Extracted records
■ ■ ■ ■

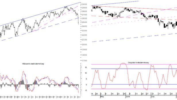 W przypadku kontynuacji korekcyjnego wzrostu najbliższe opory pojawiłyby się na poziomie 2515,2590 i maksymalnie 2655-2675 punktów. Niezależnie jednak od rozwoju sytuacji w ciągu najbliższych sesji, w średnim i długim terminie cały czas obowiązuje scenariusz spadkowy o potencjalnym zasięgu 2300-2330 punktów.
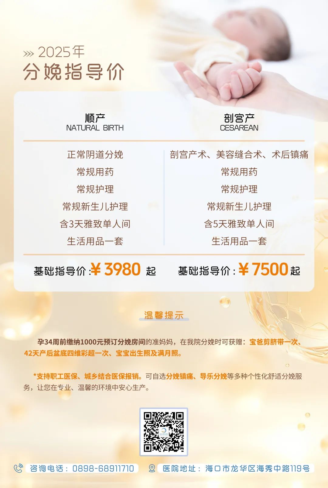 海南菁华2025年全新分娩指导价来袭:顺产基础指导价3980起,剖宫产基础指导价7500起,并支持职工医保、城乡结合医保报销。还可自选分娩镇痛、导乐分娩等多种个性化舒适分娩服务,让您在专业、温馨的环境中安心生产。
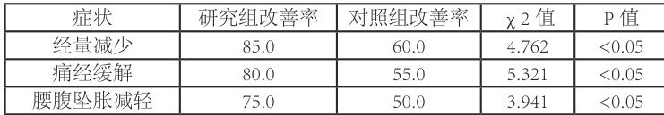 研究组经量减少(85%vs60%)、痛经缓解 (80%vs55%) )更优(P 均 <0.05) )。
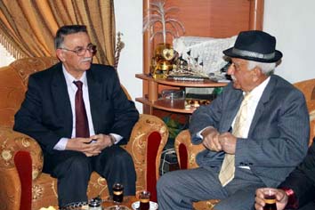 الوفد الزائر في داره لشرب فنجان قهوة.
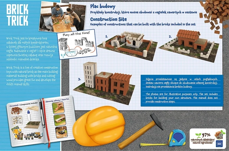 Postanite graditelj in korak za korakom zgradite realistično gradbišče iz naravnih glinenih opek. Vsako opeko položite kot v resnici, deščice lahko režete na mero, z v vodi topnim lepilom pa je mogoče model kadarkoli razstaviti in začeti znova. Končano gradnjo oživite s priloženimi dekoracijami in papirnatimi figuricami.
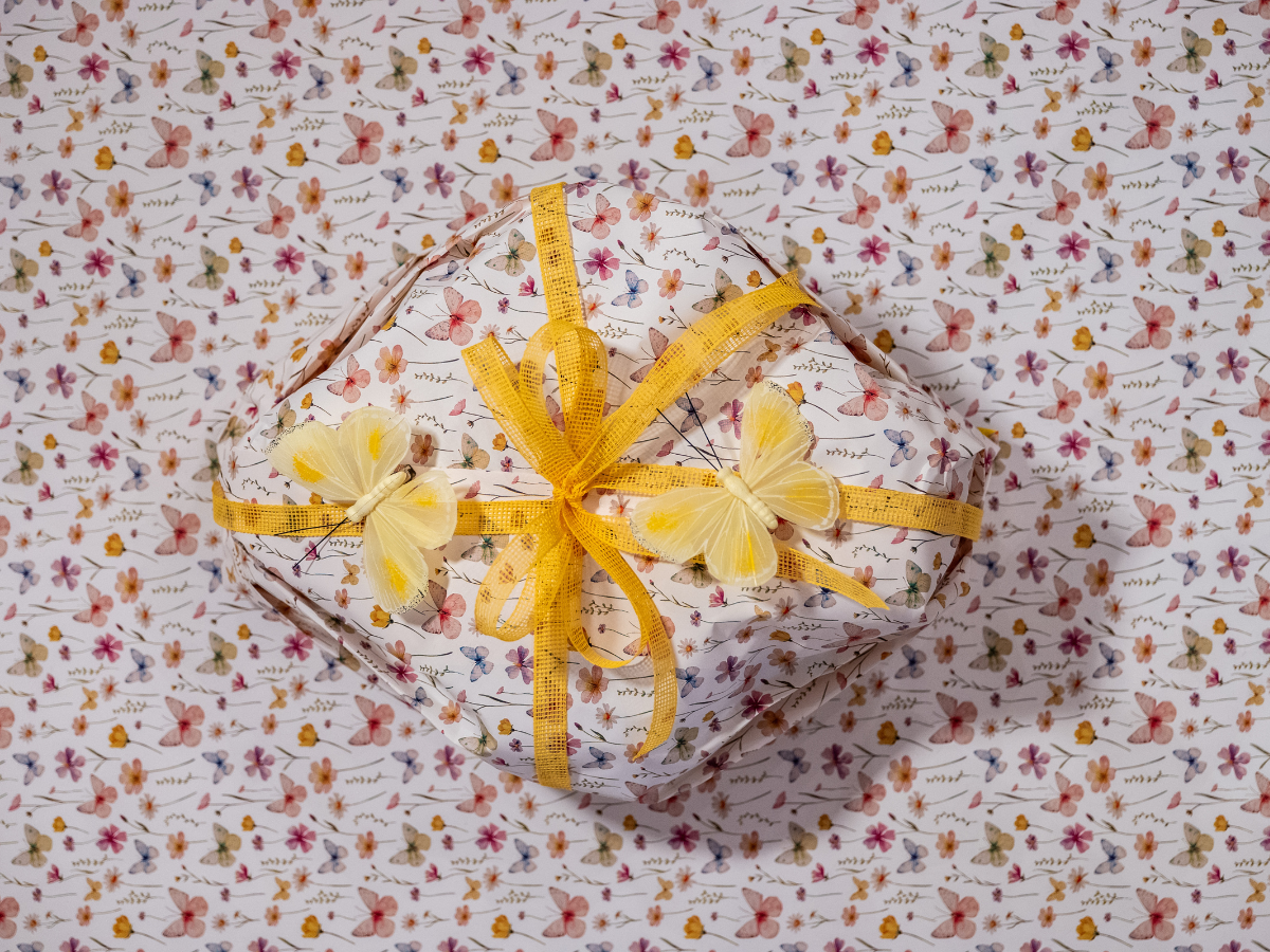 La fantasia con farfalle e fiorellini di campo nei toni pastello è il connubio perfetto della primavera e dei colori, rendendo ogni confezione fresca e luminosa.
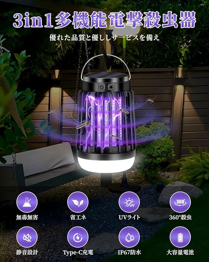 【操作簡単】操作が簡単で!コンセントに挿すだけで使えますか、日なたに置いて充電するだけで、電撃殺虫器の上部に吊り下げフックが付いている、使いやすく設置できます。庭に吊り下げも可能、室内据え置きもでき、便利にご使用いただけます。本体の底に受け皿があるので、駆除された害虫は収納され、掃除用ブラシを使って、簡単に手を汚されず掃除できる。直接に蛇口下で製品中に残った蚊の死骸を洗い流すことができます、お手入れも非常に便利です。パッケージ内容:電撃殺虫器本体*1、掃除ブラシ*1、2M充電ケーブル*1、日本語取扱説明書*1「出品者に連絡」までお問い合わせください。必ず最善を尽くし、ご対応いたします。
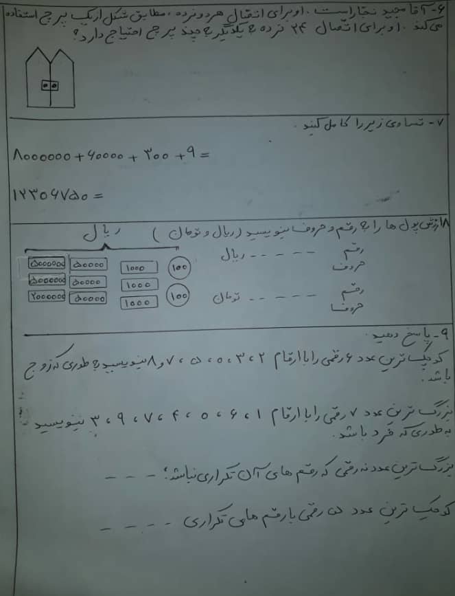 کلاس چهارم ب _ ریاضی _ مسئله نویسی کسر

■ ■ ■ ■

▶ ASSIGNMENT: Exactly reproduce the entries above, minus the pictures.

▶ WRITTEN SOLUTION:
 W przypadku kontynuacji korekcyjnego wzrostu najbliższe opory pojawiłyby się na poziomie 2515,2590 i maksymalnie 2655-2675 punktów. Niezależnie jednak od rozwoju sytuacji w ciągu najbliższych sesji, w średnim i długim terminie cały czas obowiązuje scenariusz spadkowy o potencjalnym zasięgu 2300-2330 punktów.
 海南菁华2025年全新分娩指导价来袭:顺产基础指导价3980起,剖宫产基础指导价7500起,并支持职工医保、城乡结合医保报销。还可自选分娩镇痛、导乐分娩等多种个性化舒适分娩服务,让您在专业、温馨的环境中安心生产。
 研究组经量减少(85%vs60%)、痛经缓解 (80%vs55%) )更优(P 均 <0.05) )。
 الوفد الزائر في داره لشرب فنجان قهوة.
 Postanite graditelj in korak za korakom zgradite realistično gradbišče iz naravnih glinenih opek. Vsako opeko položite kot v resnici, deščice lahko režete na mero, z v vodi topnim lepilom pa je mogoče model kadarkoli razstaviti in začeti znova. Končano gradnjo oživite s priloženimi dekoracijami in papirnatimi figuricami.
 La fantasia con farfalle e fiorellini di campo nei toni pastello è il connubio perfetto della primavera e dei colori, rendendo ogni confezione fresca e luminosa.
 【操作簡単】操作が簡単で!コンセントに挿すだけで使えますか、日なたに置いて充電するだけで、電撃殺虫器の上部に吊り下げフックが付いている、使いやすく設置できます。庭に吊り下げも可能、室内据え置きもでき、便利にご使用いただけます。本体の底に受け皿があるので、駆除された害虫は収納され、掃除用ブラシを使って、簡単に手を汚されず掃除できる。直接に蛇口下で製品中に残った蚊の死骸を洗い流すことができます、お手入れも非常に便利です。パッケージ内容:電撃殺虫器本体*1、掃除ブラシ*1、2M充電ケーブル*1、日本語取扱説明書*1「出品者に連絡」までお問い合わせください。必ず最善を尽くし、ご対応いたします。
 کلاس چهارم ب _ ریاضی _ مسئله نویسی کسر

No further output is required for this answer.